__TRY IT__: Give a verbatim copy of the data, leaving the pictures out.

__RAW DATA__:
# # #

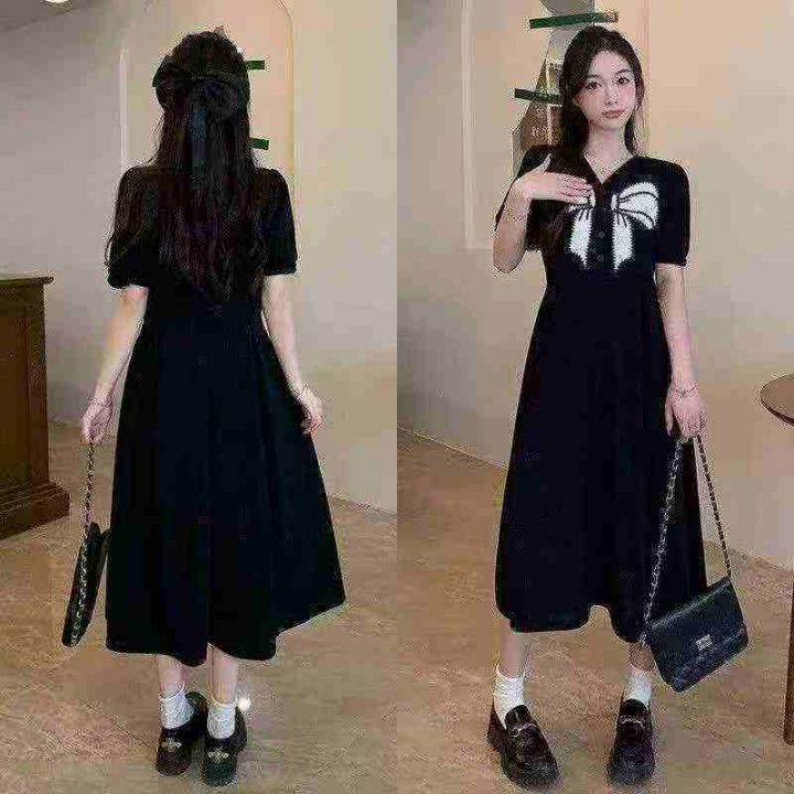 春季新款法式赫本风黑色蝴蝶结设计感小众气质收腰显瘦连衣裙,独立包装带吊...
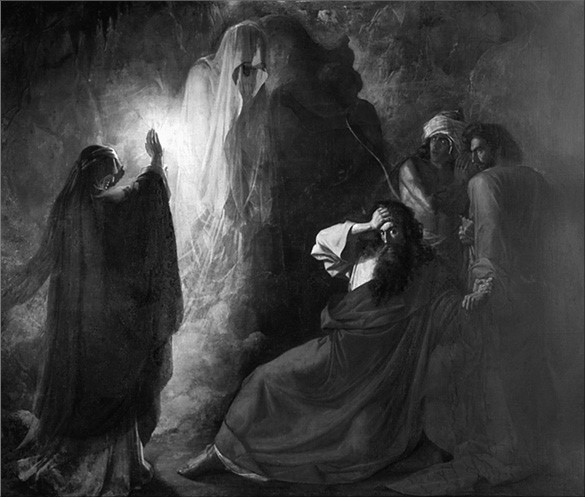 Призрак Самуила представлен в виде традиционной для Руси высокой белой фигуры
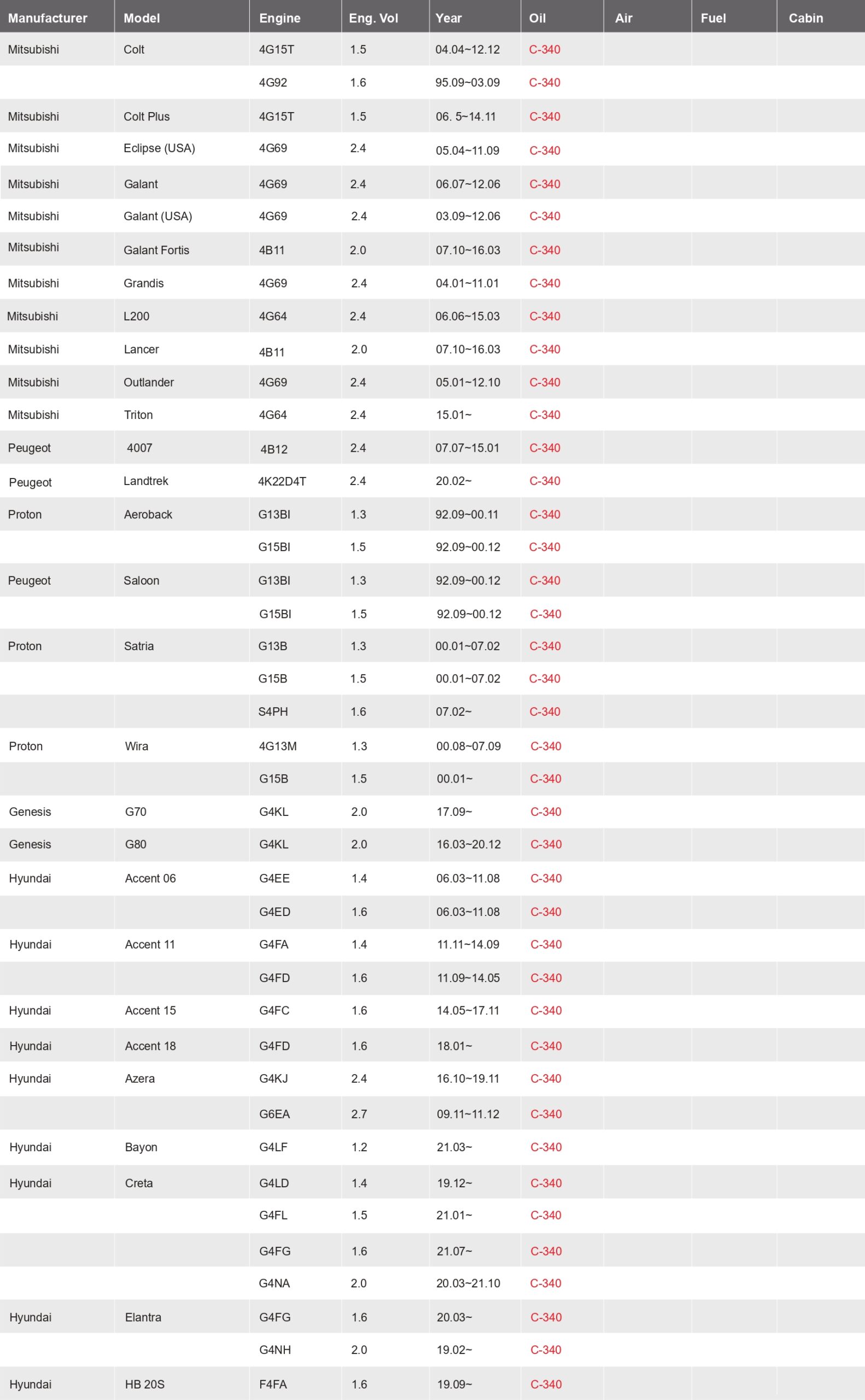 CROSS REFERENCE / OEM NO.

# # #

__WRITTEN SOLUTION__:
 春季新款法式赫本风黑色蝴蝶结设计感小众气质收腰显瘦连衣裙,独立包装带吊...
 Призрак Самуила представлен в виде традиционной для Руси высокой белой фигуры
 CROSS REFERENCE / OEM NO.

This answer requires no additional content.